Он попросил ее не снимать чулки. Они по контрасту подчеркивали белизну кожи.

— Говорят, женщина — это будущее мужчины, — сказал он весело. — А может быть, это будущее иллюзии? Черной иллюзии?

Она застонала от его ласки.

— Или иллюзия будущего? — пробормотала Фабьена.

Он сзади обнял ее, и она впилась зубами в подушку.


Ровно в восемь позвонили в дверь. Телеграмма от Марка, наконец-то.

Фабьена засмеялась от радости и натянула черную котоновую майку, доходившую ей чуть ли не до колен. Отлично, подумала она, я становлюсь похожа на шлюху из номеров.

На площадке стояли двое.

Молодой почтальон, как всегда. И Пьер Кенуа, главный фотограф «Аксьон». Они не разговаривали и даже не смотрели друг на друга.

Зато оба смотрели на Фабьену во все глаза.

Фабьена взяла телеграмму, дала почтальону заранее приготовленные десять франков. Парень ушел, игриво крикнув: «До завтра, мадемуазель!»

Теперь перед ней стоял один Пьер Кенуа.

Под мышкой он держал кипу газет. Он подобрал их на коврике перед дверью Фабьены. Каждый день продавец газет с бульвара Сен-Жермен, из киоска напротив книжного магазина «Ла Юн», клал к ее двери целую пачку. Французскую «Либерасьон», испанскую «Пайс», немецкую «Франкфуртер альгемайне», итальянскую «Република» и две на английском — «Дейли телеграф» и «Нью-Йорк геральд трибюн».

— Слушай, неужели ты все это читаешь? — спросил Пьер, протягивая ей газеты.

Он по-прежнему не сводил с Фабьены глаз.

— Кстати, в «Либер» сегодня есть что почитать! Под видом информации о СПИДе они опубликовали полный каталог поз и видов любви. Например, ты знаешь, что такое cunnilingus?

— Ты явился с утра пораньше, чтобы говорить непристойности? — рассердилась Фабьена.

Он действительно вывел ее из себя.

Ей хотелось поскорее остаться одной и прочесть телеграмму от Марка. А потом перечитать их все вместе, подряд.

Кенуа мгновенно сменил тон.

— Извини, — сказал он. — У меня серьезный разговор. Но я тебя увидел и забалдел… Ты страшно возбуждающе действуешь на мужчин, тебе это известно?

Он положил ей руку на плечо, как доброму приятелю, своему парню, что должно было рассеять всякую двусмысленность.

За все время ее работы в «Аксьон» между ней и Пьером никогда никакой двусмысленности не возникало.
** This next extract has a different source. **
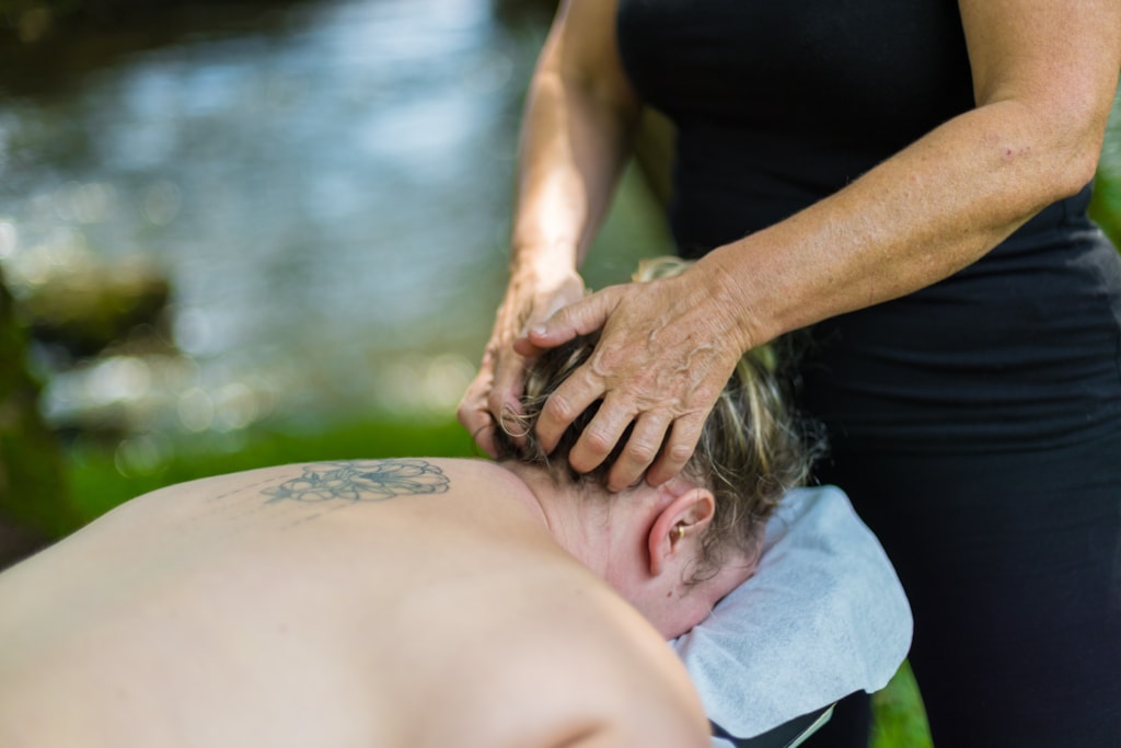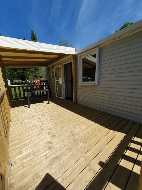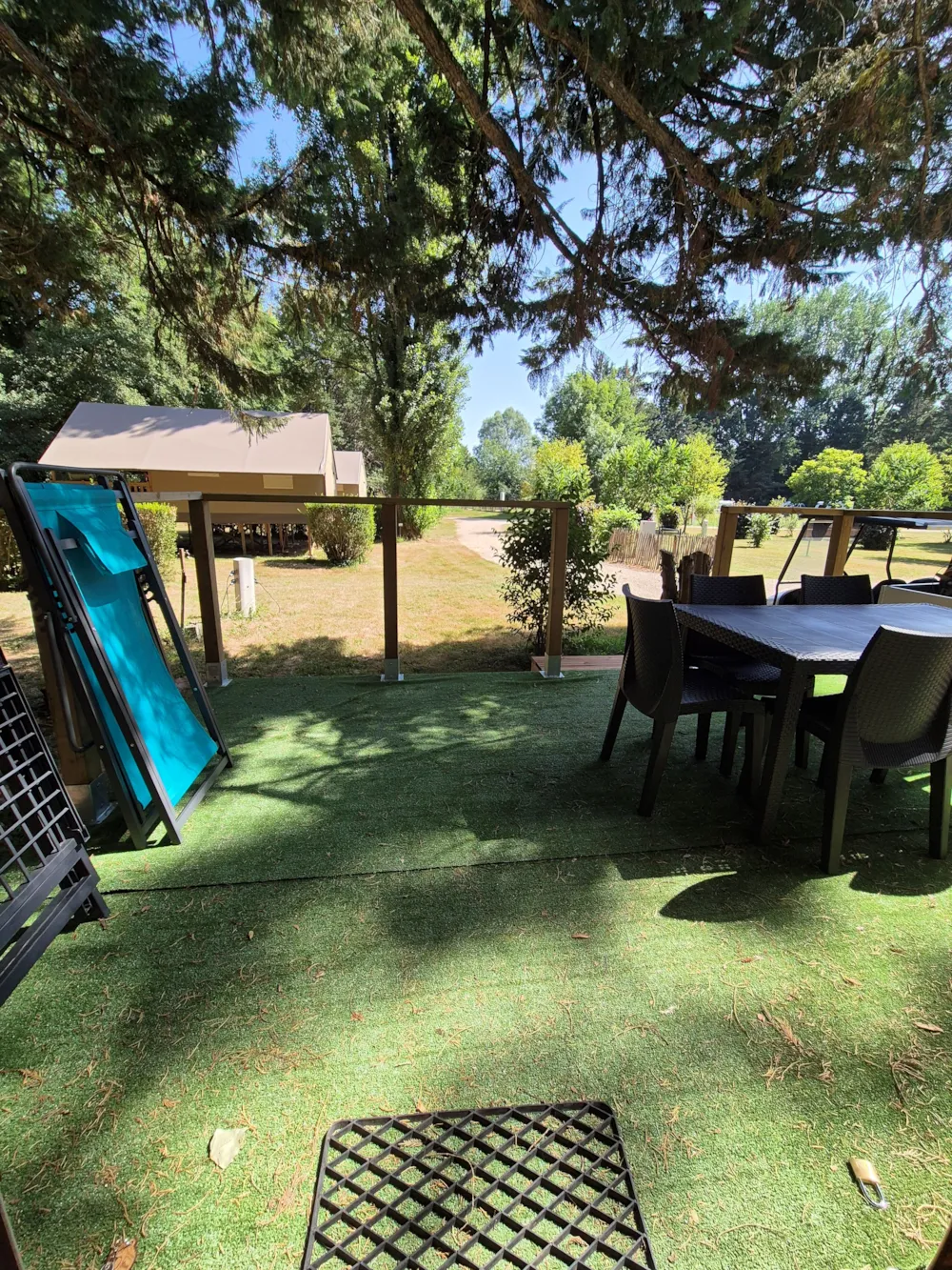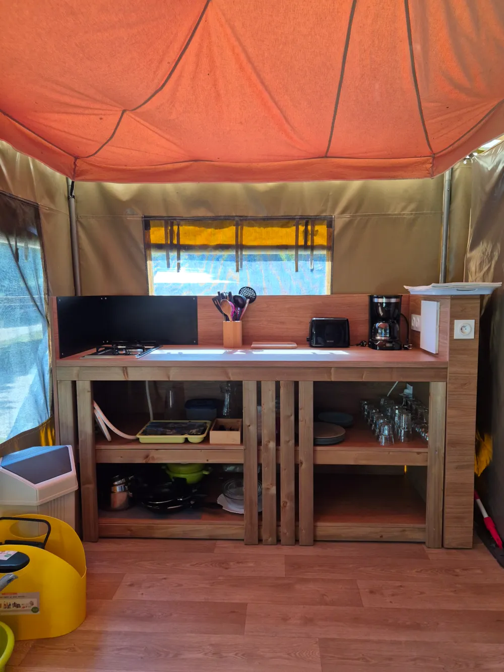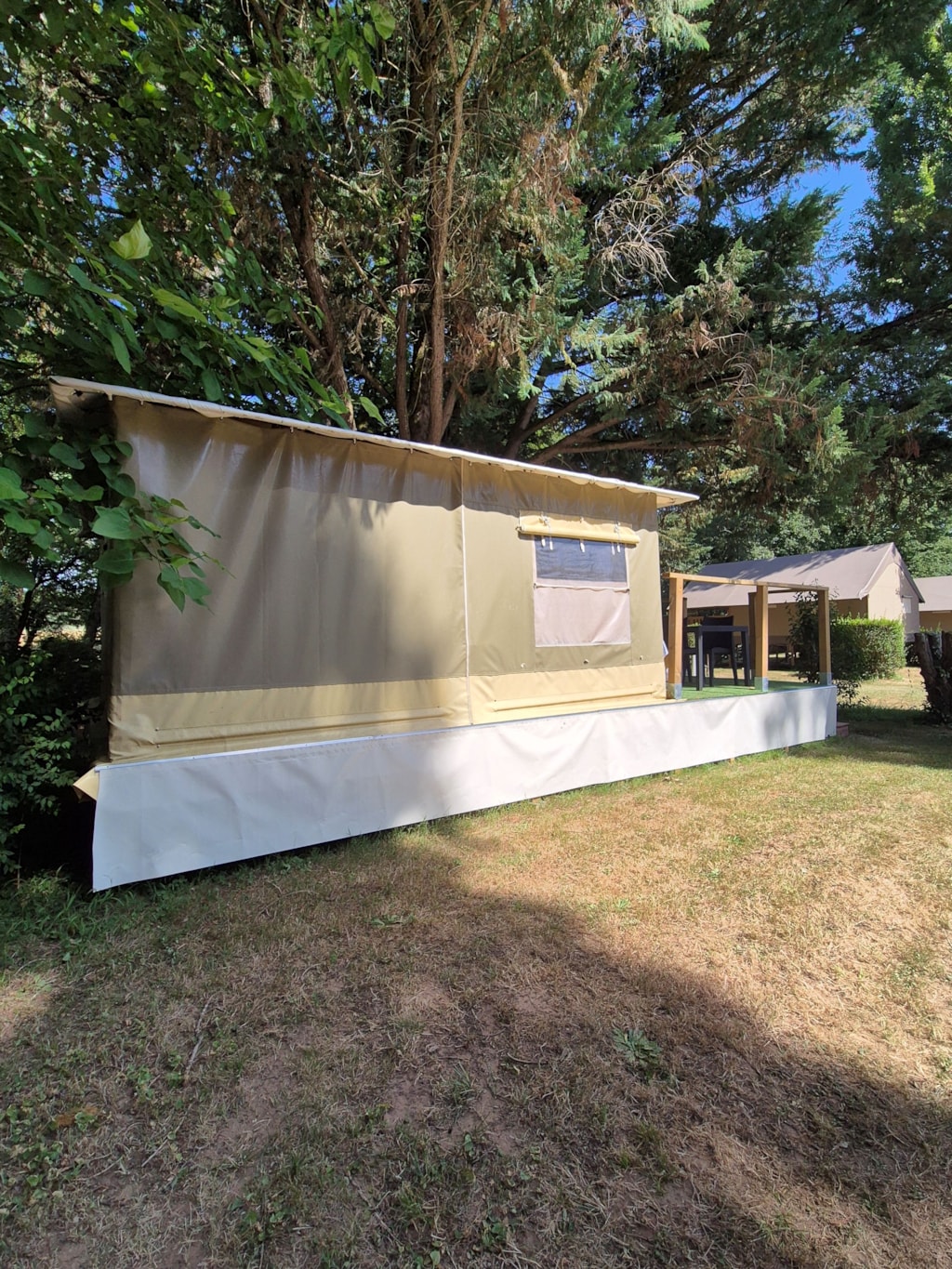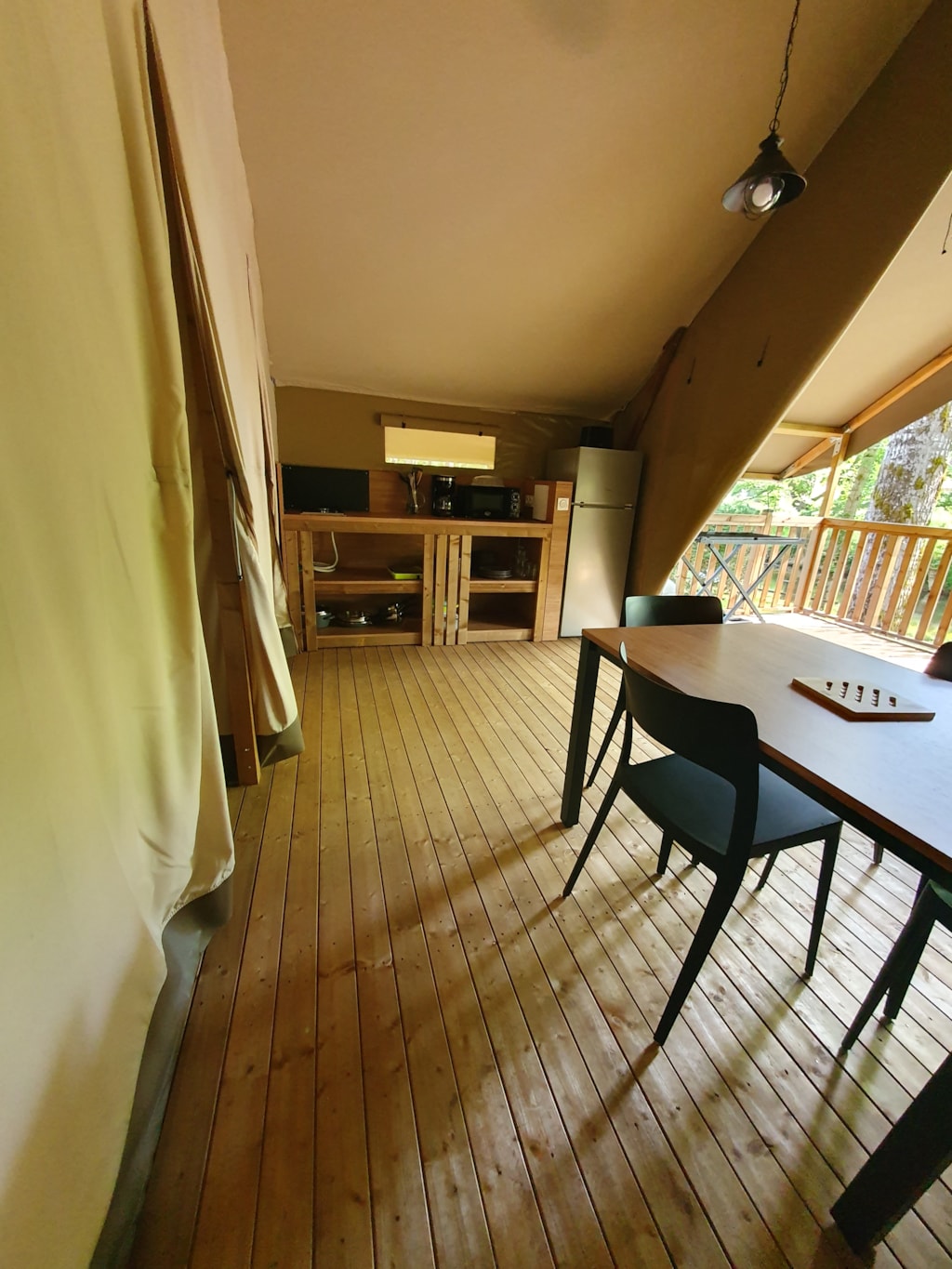 Unter dem Zelt befindet sich eine überdachte Terrasse mit Holztisch und Bänken für entspannte Pausen. Das Zelt hat zwar kein eigenes Bad, bietet aber Zugang zu den Gemeinschaftssanitäranlagen des Campingplatzes.

У них были хорошие отношения, вполне дружеские, даже теплые, но без всякой сексуальной подоплеки, которая, парадоксальным образом, и считается двусмысленной. Хотя, казалось бы, что может быть естественнее! Но, с другой стороны, возможно, это и верно. Ведь нет ничего более волнующего, капризного, непостижимого — двусмысленного, в сущности, — чем секс, от которого зависит не только физическое выживание человечества, но и жизнь его воображения, культуры.

— Серьезный? — переспросила Фабьена. — Тогда заходи!

Она усадила его в большой комнате, а сама пошла одеваться.

Оба окна здесь выходили на улицу Аббатства, прямо на аркбутаны церкви Сен-Жермен-де-Пре. Фабьена снимала квартиру у очаровательного старикана, которому принадлежала половина дома на углу улицы Фюрстенберг. Одновременно он был обладателем самой роскошной библиотеки иллюстрированных книг и оригинальных изданий, какую Фабьена когда-либо видела. Он вообще-то собирался продавать эту двухкомнатную квартиру в чердачном этаже, чтобы купить рукописное собрание эротических стихов Валери, но Фабьена так обворожила его, что он сдал ей эту квартиру по совершенно несуразной для столь престижного района цене. Однако рукописи Валери он все-таки купил: этот пожилой господин был отнюдь не беден.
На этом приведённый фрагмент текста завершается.